Et le chef conte alors son histoire.

Il appartient à la plus noble race de l’Océanie, à la première qui vit le jour après que le divin Mahouï eut organisé le monde[1]. Lui-même n’est pas né sur cette rive. Il a quitté la côte orageuse où les os de ses aïeux dorment, bercés au bruit de la mer éternelle. Qu’ils étaient beaux les jours où, chef de sa tribu, il mangeait la chair et buvait le sang des braves, servi par un troupeau d’esclaves


Dans la hutte où pendaient cent crânes chevelus !

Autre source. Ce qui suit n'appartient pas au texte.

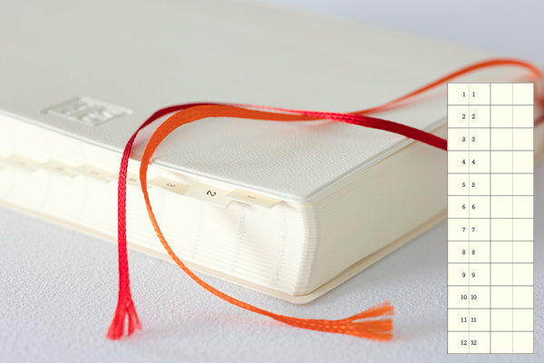 日記本包含2個書籤繩,你可以用來放在使用中的月計劃表、日記頁。另外也包含一份索引貼紙,可以讓你使用日記本時更加有效率。
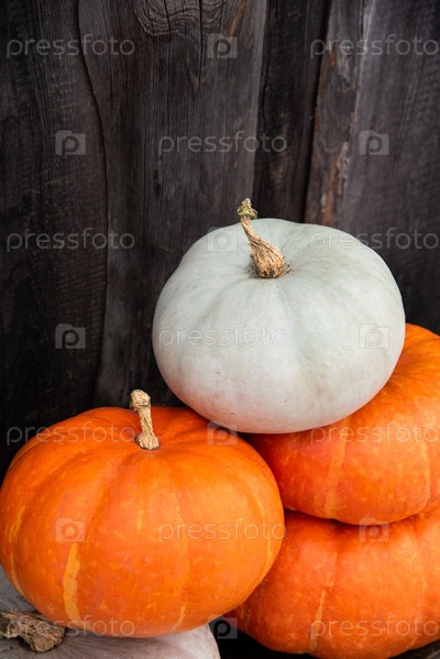 Яркие спелые оранжевые и белые тыквы на сером деревянном фоне

  1. Leconte de Lisle raconte ici brièvement l’organisation du monde par Mahouï. Il s’est probablement inspiré, mais avec une grande liberté, d’un des chants indigènes publiés par Mœrenhout (Voyages aux îles du Grand Océan, t. I, p. 449) : « Mahoui va lancer sa pirogue. Il est assis dans le fond. L’hameçon pend du côté droit, attaché à sa ligne avec des tresses de cheveux ; et cette ligne et l’hameçon qu’il tient à sa main, il les laisse descendre dans la profondeur ou l’immensité de l’univers pour pêcher ce poisson (la terre). Il élève les pivots (les axes ou orbites) ; il élève la terre, cette merveille du pouvoir de Taaora. Déjà vient la base (les axes ou orbites) ; déjà il sent le poids énorme du monde. La terre vient. Il la tient à la main, cette terre encore perdue dans l’immensité ; elle est prise à son hameçon. Mahoui s’est assuré ce grand poisson, nageant dans l’espace, et qu’il peut à présent diriger à volonté. » — La suite est fort difficile à comprendre, de l’aveu de Mœrenhout. La terre y est dépeinte en désordre et inculte ; les êtres souffrent ; tout est confus et obscur. Mahoui règle le cours du soleil : alors naissent la fertilité, l’abondance, le bonheur.